There are a dozen reasons to strip HTML from text: extracting content from a scraped page, cleaning up an email signature, preparing snippets for plain-text email, generating SEO-friendly text from rich content. The fundamental operation is the same — peel off the tags, keep the text — but the details (entity decoding, line breaks, embedded scripts) determine whether the output is usable or garbage.
This tool handles all of them in your browser, with no upload and no service in between.
How it works
The stripper runs in three passes:
- Drop dangerous blocks.
<script>...</script>,<style>...</style>, and<!-- ... -->are removed entirely, including their content. JavaScript and CSS are not text the user wants to see. - Promote paragraph structure. When “preserve paragraph breaks” is on, block-level tags (
<p>,<div>,<h1>-<h6>,<li>,<br>,<tr>, etc.) become newlines before the next pass — so the output keeps its document structure as line breaks. - Strip everything else. Anything between
<and>is removed, with a count of how many tags were dropped.
After stripping, named and numeric entities (&, A, 😀) are decoded to their actual characters. Then optional whitespace normalisation collapses runs of spaces and excess blank lines.
Example: cleaning an email signature
You receive an email with a verbose HTML signature: a logo image, a disclaimer in a <table>, social media icons in <div>s. You want just the human-written text. Paste it in, leave defaults on, and the tags vanish — the signature collapses to the disclaimer text and the sender’s name.
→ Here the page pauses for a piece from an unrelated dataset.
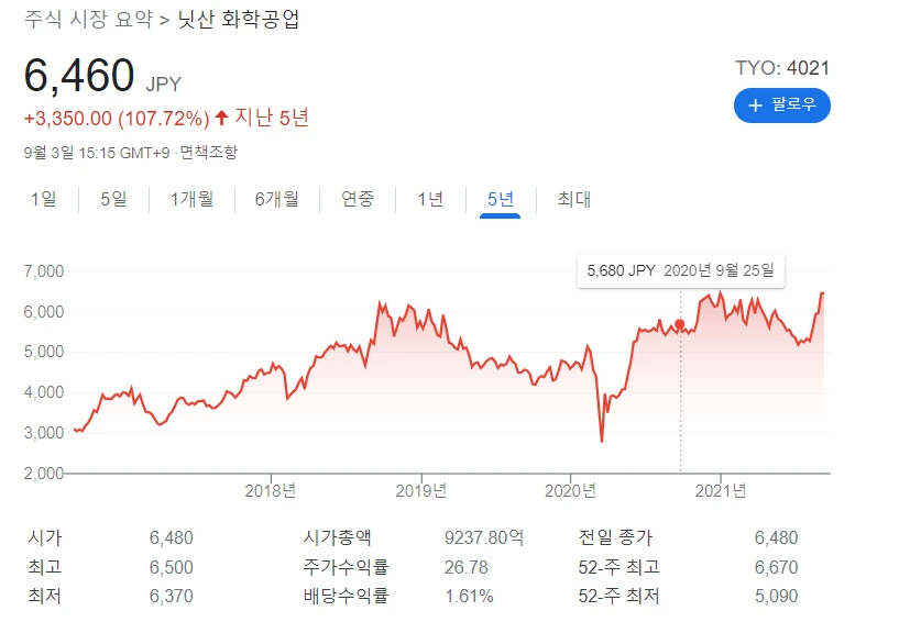 그 결과 같은 기초소재 화학분야의 매출 탑 신예츠 화학(信越化学)에 비해 매출은 1/5에 불과하지만(2021년 3월 결산 기준 신예츠 화학: 1조 4969억 엔, 닛산화학: 2091억 엔) ROE(자기 자본 이익률)은 신예츠가 10.7%인 것에 비해 닛산 화학은 17.5%다. 또한 매상도 8기 연속 성장 중이다.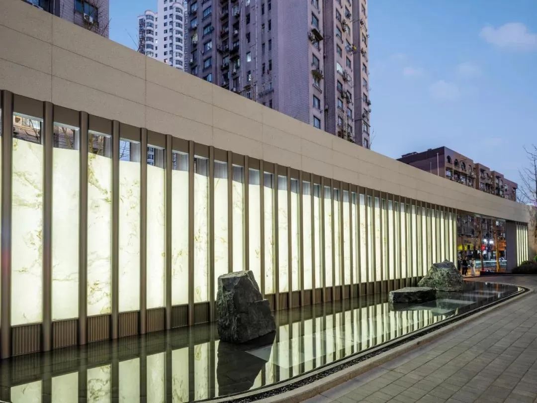 在“萬科 中輿路一號oriental one”示范區(qū)中,運用了另一種超薄石材——透光超薄石材,石材的拼貼營造出精致的景觀效果。

Copy and reply.
Example: extracting article body from scraped HTML
You ran a scraper and got back a page of HTML you actually want as text — for example, an article body wrapped in <article><p>...</p></article> with sidebar <nav>s and <script> tracking blobs. Strip removes the wrappers, drops the scripts entirely, and gives you paragraph-separated body text. Faster than writing a per-site parser when you just need the text.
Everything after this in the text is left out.